In the era of AI, Machine Learning, Data Science, etc the topic of Ethics is finally becoming an important topic. Again there are many perspective on this. I’m not going to get into these in this blog post, because if I did I could end up writing a PhD dissertation on it.
But if you do work in the area of AI, Machine Learning, Data Science, etc you do need to think about the ethical aspects of what you do. For most people, you will be working on topics where ethics doesn’t really apply. For example, examining log data, looking for trends, etc
But when you start working of projects examining individuals and their behaviours then you do need to examine the ethical aspects of such work. Everyday we experience adverts, web sites, marketing, etc that has used AI, Machine Learning and Data Science to delivery certain product offerings to us.
Just because we can do something, doesn’t mean we should do it.
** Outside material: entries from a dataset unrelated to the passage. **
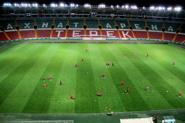 Накануне матча 28 тура РОСГОССТРАХ Чемпионата России с «Тереком» основной состав «Амкара» провел тренировку на «Ахмат Арене». Занятие началось в 22:00 и продлилось чуть более часа. В Грозном в вечернее время установилась довольно теплая погода – «плюс» 15 градусов.
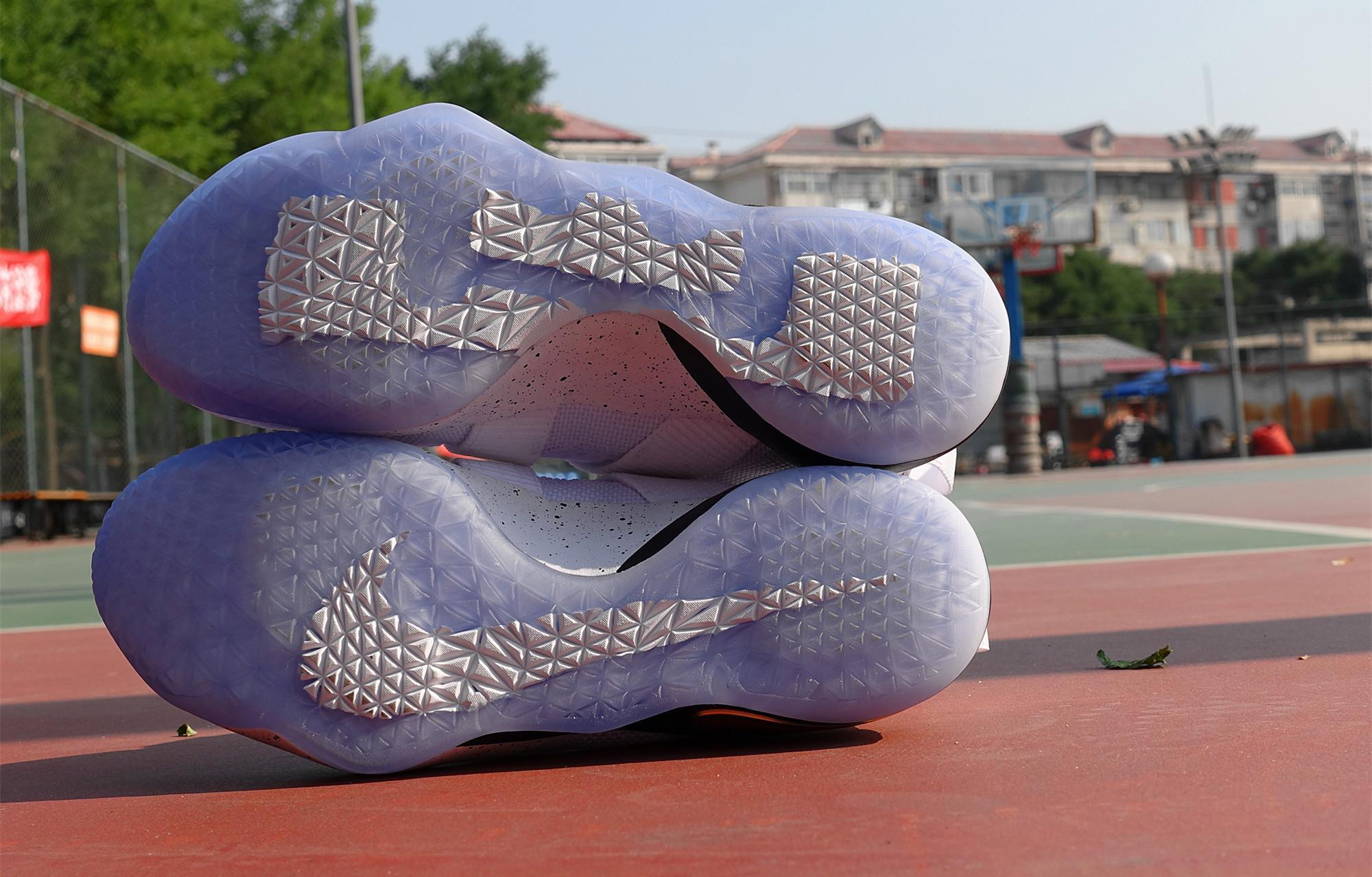 中底缓震方面依然采用前后ZOOM AIR气垫,透过水晶外底即可直观的看到。大底纹路采用三角形的切割碎块,排列非常密集。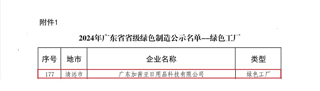 🔼 加茜亚入选 2024 年广东省绿色制造名单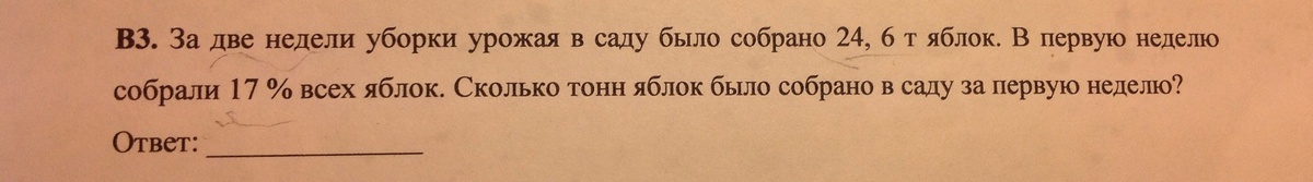 24,6*0,17=4,182т яблок собрали в первую неделю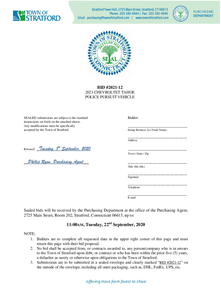 PURCHASING BID #202112 2021 CHEVROLET TAHOE POLICE PURSUIT VEHICLESEALED submissions are subject to the standard instructions set forth on the attached sheets. Any modifications must be specifically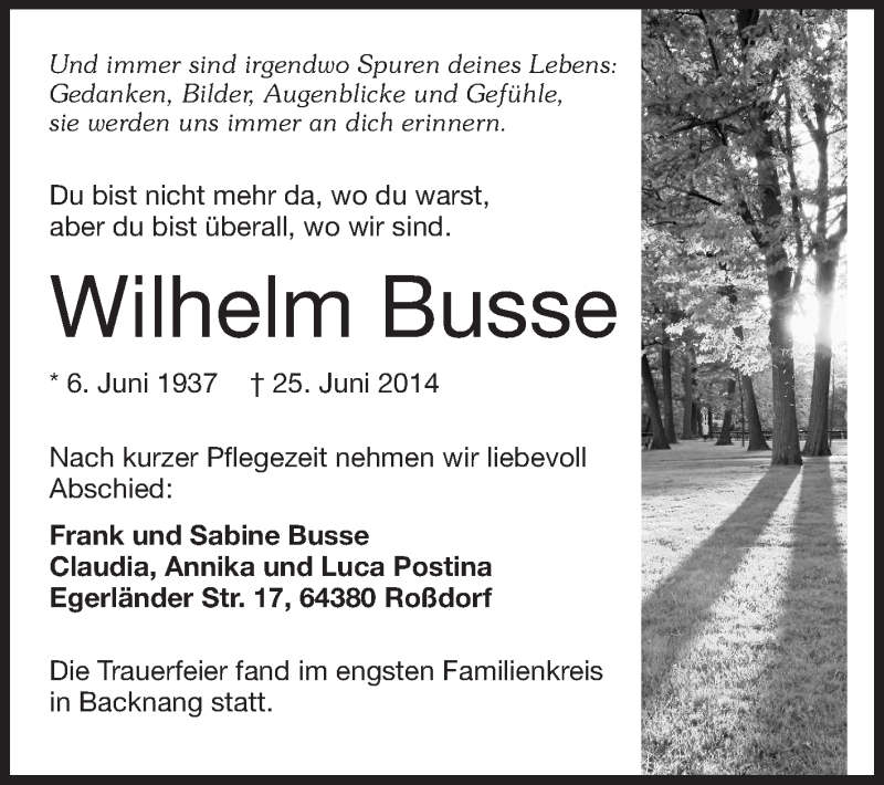 Hier finden Sie alle Traueranzeigen aus der Zeitung, die bisher für Wilhelm Busse erschienen sind. Weitere Traueranzeigen, die in der Zeitung erscheinen, werden hier ebenfalls aufgelistet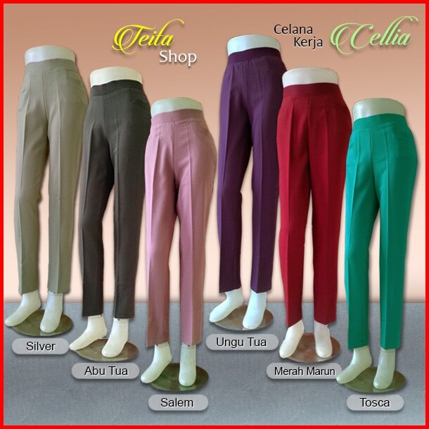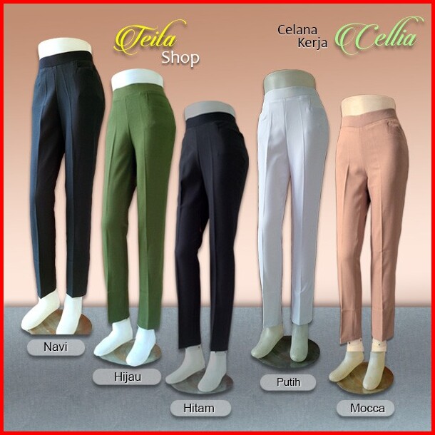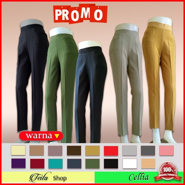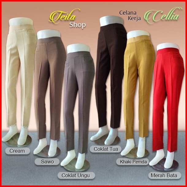 Celana Kerja Size S M L Xl Xxl Merk Cellia Pinggang Karet Bahan Lentur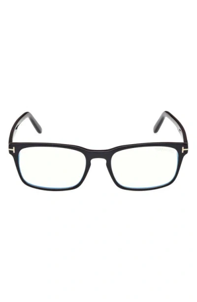 TOM FORD 54mm Rectangular Blue Light Blocking Glasses In Black Eco/t Logo
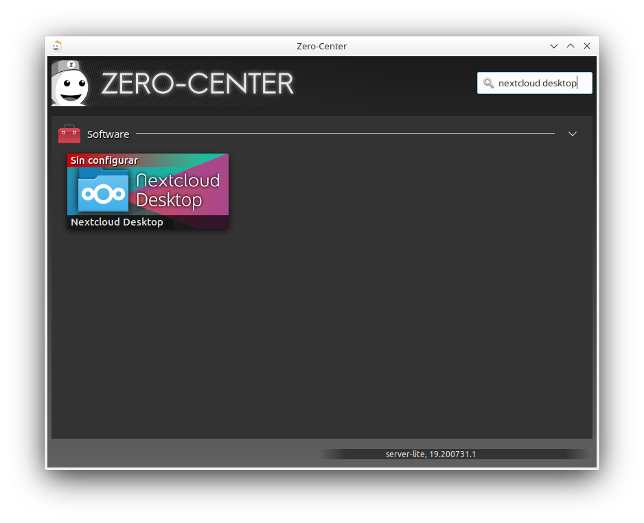 Para instalar Nextcloud Desktop en aquellos equipos desde donde se desee poder acceder al servidor de Nextcloud del centro se accederá al Zero-Center de cada uno de los equipos. En la sección “Software” del mismo se encuentra el zomando para instalar Nextcloud Desktop

One particular area that I will not work on is Location Based Advertising. Imagine walking down a typical high street with lots and lots of retail stores. Your phone vibrates and on the screen there is a message. The message is a special offer or promotion for one of the shops a short distance ahead of you. You are being analysed. Your previous buying patterns and behaviours are being analysed, Your location and direction of travel is being analysed. Some one, or many AI applications are watching you. This is not anything new and there are lots of examples of this from around the world.
But what if this kind of Location Based Advertising was taken to another level. What if the shops had cameras that monitored the people walking up and down the street. What if those cameras were analysing you, analysing what clothes you are wearing, analysing the brands you are wearing, analysing what accessories you have, analysing your body language, etc. They are trying to analyse if you are the kind of person they want to sell to. They then have staff who will come up to you, as you are walking down the street, and will have customised personalised special offers on products in their store, just for you.
See the segment between 2:00 and 4:00 in this video. This gives you an idea of what is possible.
Are you Ok with this?
As an AI, Machine Learning, Data Science professional, are you Ok with this?
The technology exists to make this kind of Location Based Marketing possible. This will be an increasing ethical consideration over the coming years for those who work in the area of AI, Machine Learning, Data Science, etc
Just because we can, doesn’t mean we should!